Sadly, I see this unrealistic lottery phenomenon with startup companies all the time. They are convinced that they will not only receive a $1 million valuation for their company that hasn't sold a single product, but if they do not receive that $1 million investment within two or three months of the idea being hatched, they refuse to rethink their business concept or otherwise adjust their strategy. Meanwhile, aspiring entrepreneurs on the other end of the scale refuse to take the risks necessary to take their business to the next level. Convinced that they can do it all, these entrepreneurs run themselves ragged and ultimately burn themselves out because they aren't willing to take a simple risk such as hiring support staff for pushing outside their comfort zone.

What that leaves are two types of entrepreneurs that are grossly underrepresented in the current entrepreneurial marketplace. The first of these entrepreneurs is the "base hitter." These individuals are highlighted in the book Moneyball, players that are known not for their flashy home run percentage, but consistency and reliability. They don't try to go for the next base when it isn't worth the risk, and don't swing for the fences every time they're at the plate.
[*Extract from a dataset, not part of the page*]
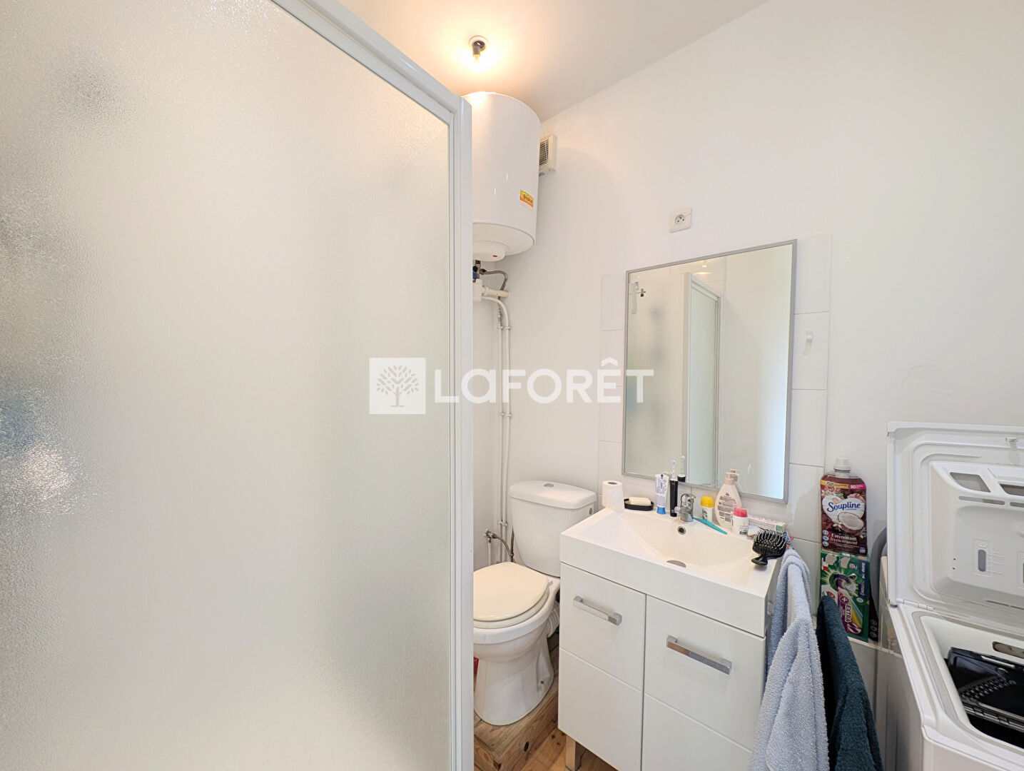 Logement de type studio au 3 ème étage d'un superficie de 22.4 m² composé d'une pièce à vivre lumineuse avec kitchenette, literie et bureau / coin repas. Salle d'eau avec wc.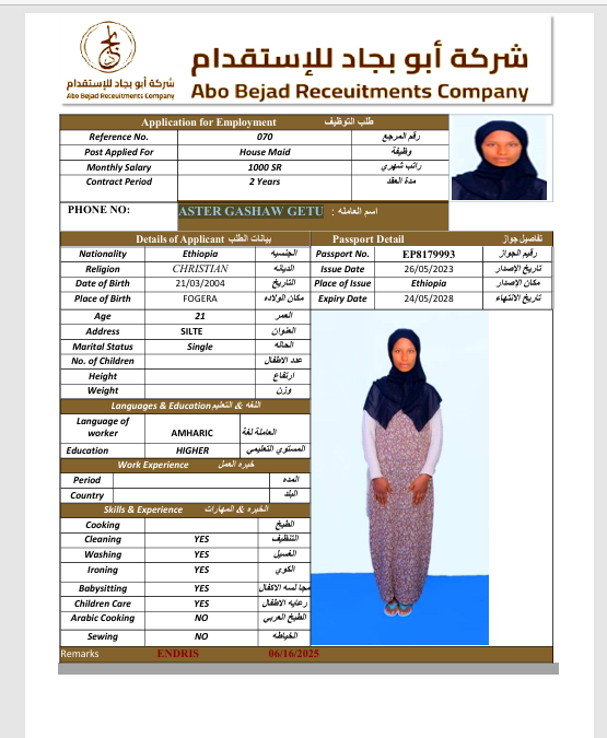 سعر الاستقدام : 7750 ريال

Businesses like these can be incredibly successful. No, you're probably never going to see a billion-dollar valuation, but who cares? You can still be wildly successful with a job that you enjoy, impacting people's lives while earning a comfortable six-figure salary and priming yourself, if done correctly, to sell your business and cashing out with enough money to retire happily. Who can argue with that?

The other type of entrepreneur that we're not seeing as much of are the big thinkers. These guys understand the risk of starting a business. They also understand that it might take millions of dollars and they might fail miserably, but the risk is worth a shot. After all, if you're going to sink your entire fortune and forever wreck any possibility of ever having a good credit score ever again, why do it on something as trivial as a niche market social media app? These entrepreneurs, such as Elon Musk, recognize that the success of their business relies on them doing something that no one else is willing to do and then doing it anyway. Damn the torpedoes, full speed ahead.

Entrepreneurship is not, will not be, and has never been easy. As much as we would love to be able to pursue the American dream of starting our own businesses, most people never will. It is an incredibly daunting undertaking, and most Americans simply aren't cut out for the job. However, it's a dirty job that somebody needs to do. Entrepreneurs are the growth makers, the job builders, and, potentially, the very people that may save our species from itself. We need big thinkers that have big projects that could solve big problems. We need people that are willing to take the risk on something big, such as alternative energy, space transportation and colonization, human longevity, and, perhaps even solving a way of eliminating the differences between us so that we can accomplish more without the strife in disputes that we have now. These are big problems, some that may never be fully solved, but that doesn't make them not worth pursuing.

There are still frontiers left to explore, there are still pioneers needed to stake out new territory. Unfortunately, right now, there are just not enough.